Leave the pictures out and write out the rest of the listing word for word.

* _Provided material_:

________

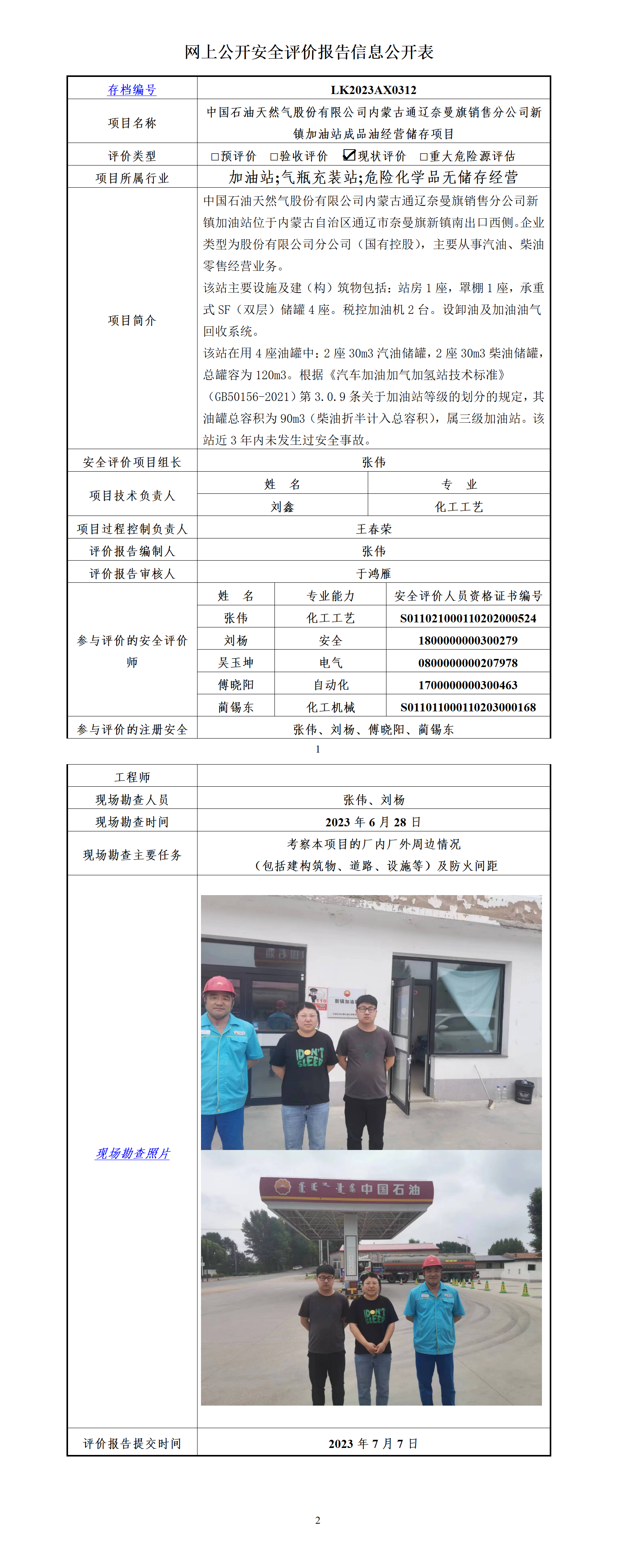 中国石油天然气股份有限公司内蒙古通辽奈曼旗销售分公司新镇加油站成品油经营储存项目
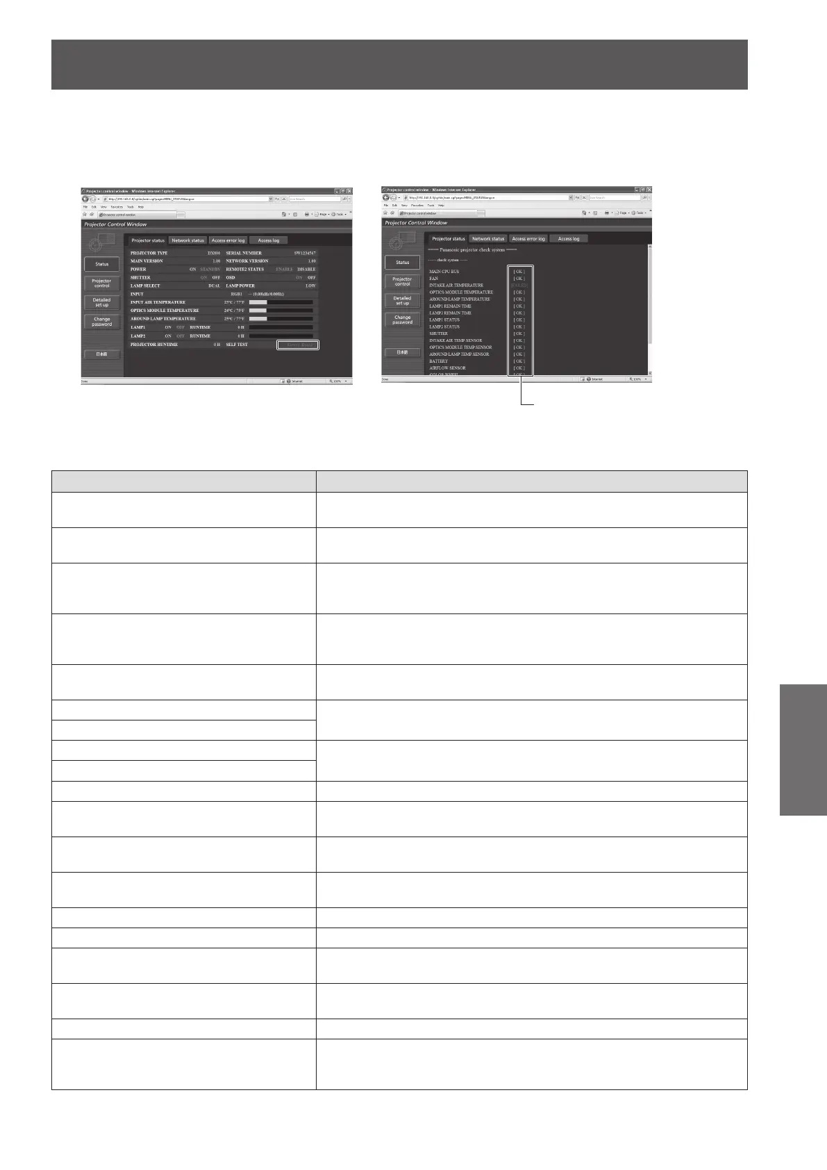 When [Error (Detail)] is displayed on the [Projector status] screen, click it to display the error details.
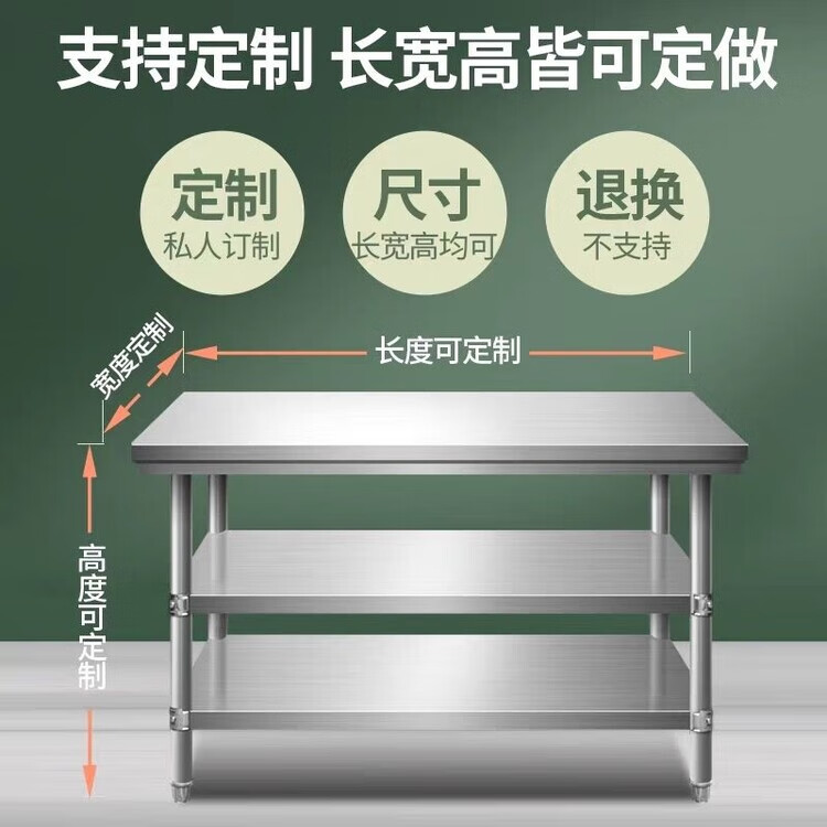 咏夏304加厚不锈钢工作台家用商用厨房和面揉面桌柜多功能切菜操作台 加厚长100宽40高80双层

________

* _Task output_:
 中国石油天然气股份有限公司内蒙古通辽奈曼旗销售分公司新镇加油站成品油经营储存项目
 When [Error (Detail)] is displayed on the [Projector status] screen, click it to display the error details.
 咏夏304加厚不锈钢工作台家用商用厨房和面揉面桌柜多功能切菜操作台 加厚长100宽40高80双层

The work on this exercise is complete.